A new enzyme identified by University of Maryland researchers has unique capabilities to combat life-threatening infections caused by Staphylococcus bacteria.
Associate Professor Dr. Daniel C. Nelson of the Department of Veterinary Medicine and the Institute for Biosciences and Biotechnology Research along with his team have discovered an enzyme that selectively targets the Staphylococcus bacteria and ruptures the bacteria cell wall, rendering the bacteria inactive. This new innovation is one of nine nominees for Invention of the Year Award.
The enzyme, PlyGRCS, is an endolysin enzyme that is actually produced by a bacteriophage (a virus that lives and multiplies inside bacteria) that cleaves the cell wall of Staphylococcus, Nelson said.
“Significantly, when we purify this enzyme and drop it on Staphylococcus aureus cells, the enzyme rapidly hydrolyzes and chews up the cell wall, which results in the death of the bacterium,” he said.
Nelson called this a novel approach and an alternative to traditional antibiotics.
“Since the enzyme utilizes a mechanism that is completely different from all known antibiotics, it works against all antibiotic-resistant Staphylococcus aureus, such as methicillin-resistant Staphylococcus aureus (MRSA) as well as vancomycin-resistant Staphylococcus aureus (VRSA),” he said.
Nelson explained that while there are many endolysins that can chew up the cell walls of MRSA effectively, the new enzyme can simultaneously cleave it in two places.

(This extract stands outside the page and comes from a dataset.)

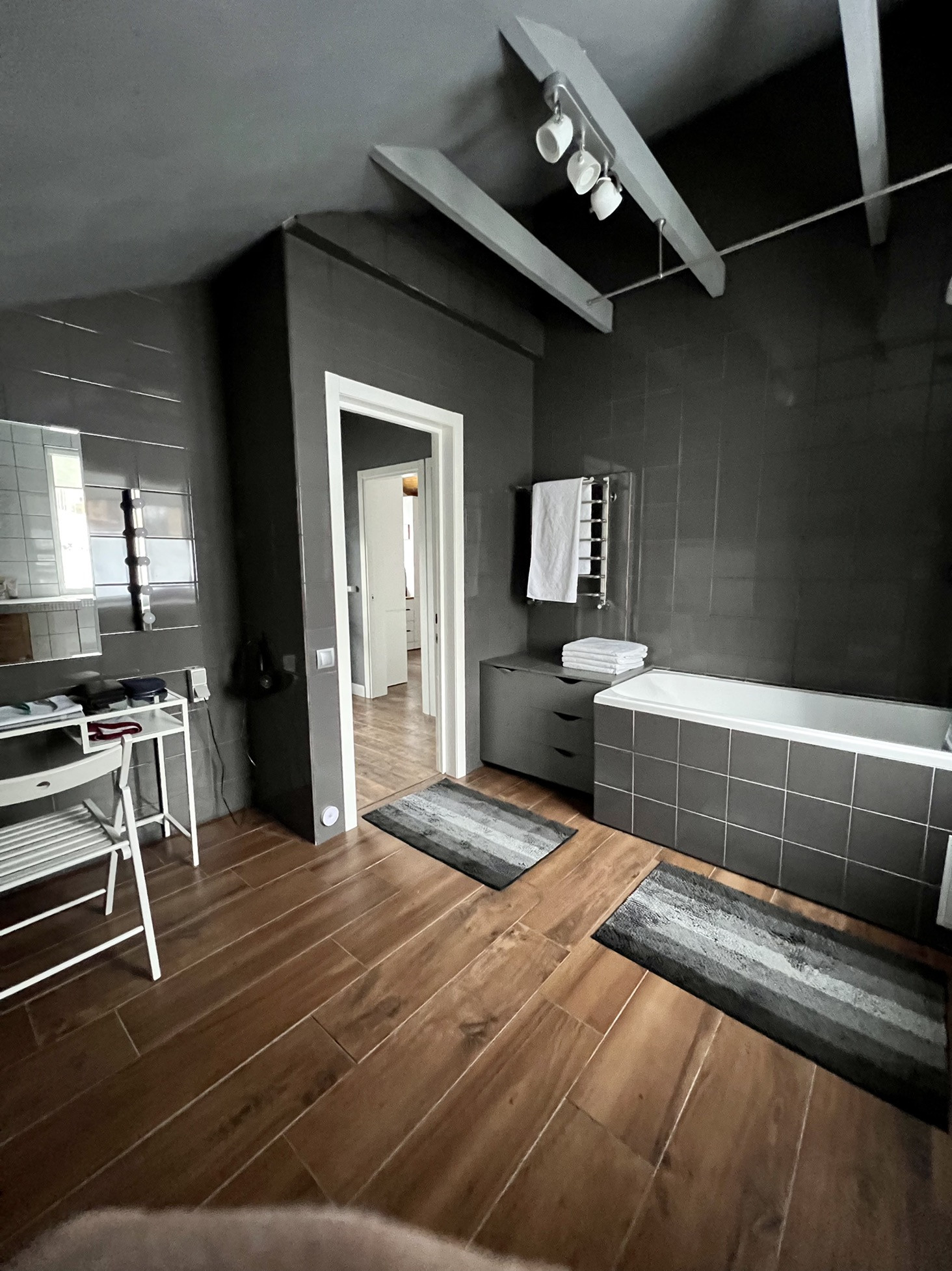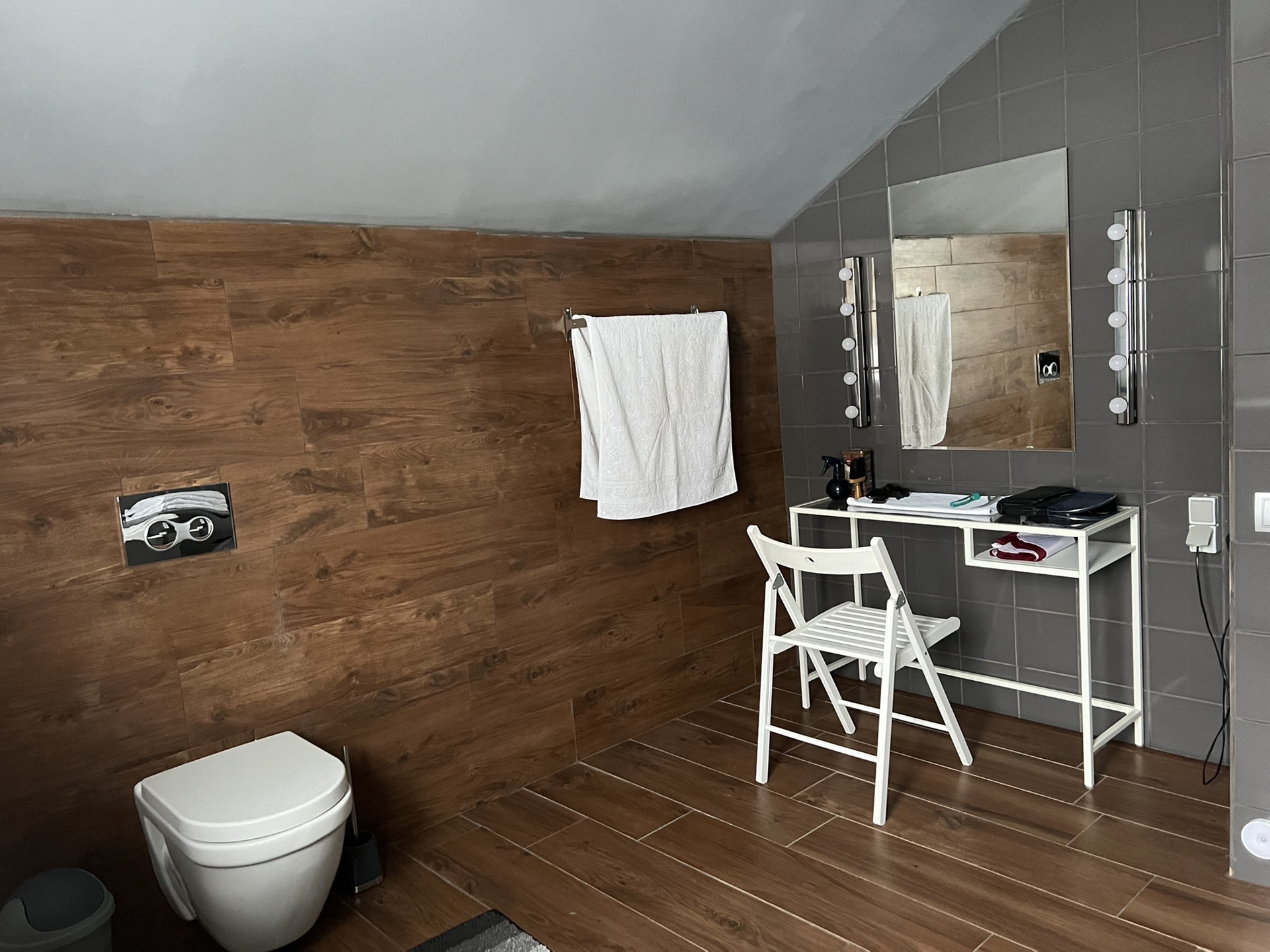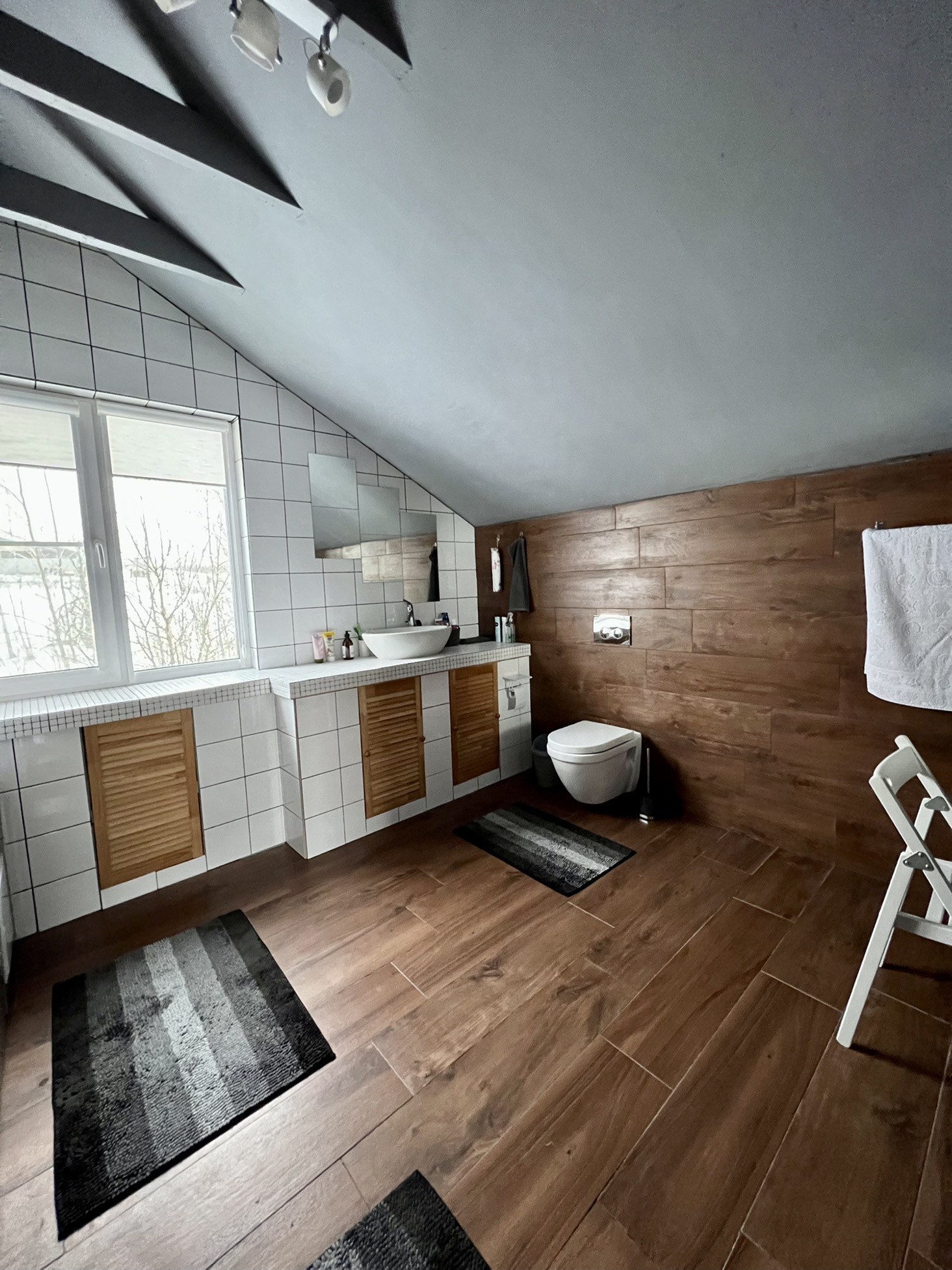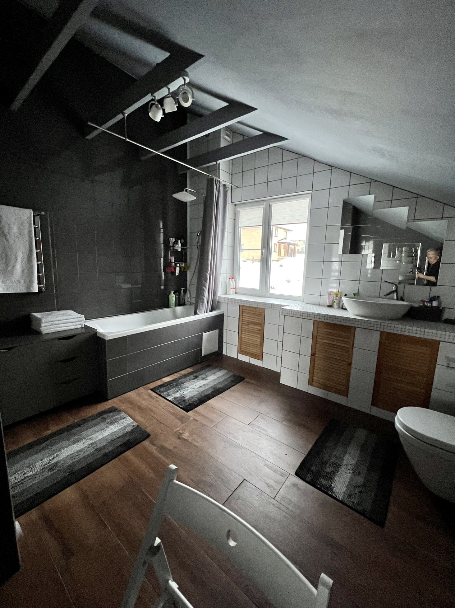 - Совмещенный санузел (11,5 м2) с окном. Зона будуара с большим зеркалом и доп. подсветкой.

“PlyGRCS cleaves the same web in two dimensions, which is far more destabilizing, and ultimately leads to higher lytic (killing) activity for our enzyme compared to other known staphylococcal endolysins,” he said.
Nelson and his research group have successfully cultured this enzyme in bacterial cells.
“We took the gene for PlyGRCS, optimized the codon usage specific for expression in E. coli, and had the new gene artificially synthesized by a company. Obviously, for commercial use, large scale fermentation systems would be used which would further optimized the yield,” Nelson said.
“One may envision impregnating PlyGRCS in a bandage or wrap for these applications,” he said.
Other potential applications include using it against biofilm infections caused by staphylococci and treating bovine mastitis.
“We are applying for funds from the USDA to conduct therapeutic evaluation of PlyGRCS for bovine mastitis indications,” he said. Bovine mastitis in dairy cows is a significant problem, responsible for a $2 billion economic loss every year in the U.S. alone.
Nelson is currently working on evaluating the in vivo efficacy of PlyGRCS in animal models. In fact, this resulted from Nelson’s contact with the Office of Technology Commercialization (OTC).
“The OTC staff also relayed to me that they were contacted by a biotechnology company interested in PlyGRCS, but their interest would have been stronger if we had animal studies showing efficacy. This information helped shape our continued research on this enzyme,” he said.
Follow-up plans also include studying the anti-biofilm properties of this enzyme in central line catheter flow cells, for additional clinical application of the enzyme. Additionally, in order to improve the enzyme’s properties, bioengineering studies will be conducted to swap the enzyme’s binding domain with those of other staphylococcal endolysins.
“This would represent the ‘next generation’ of endolysins,” Nelson said.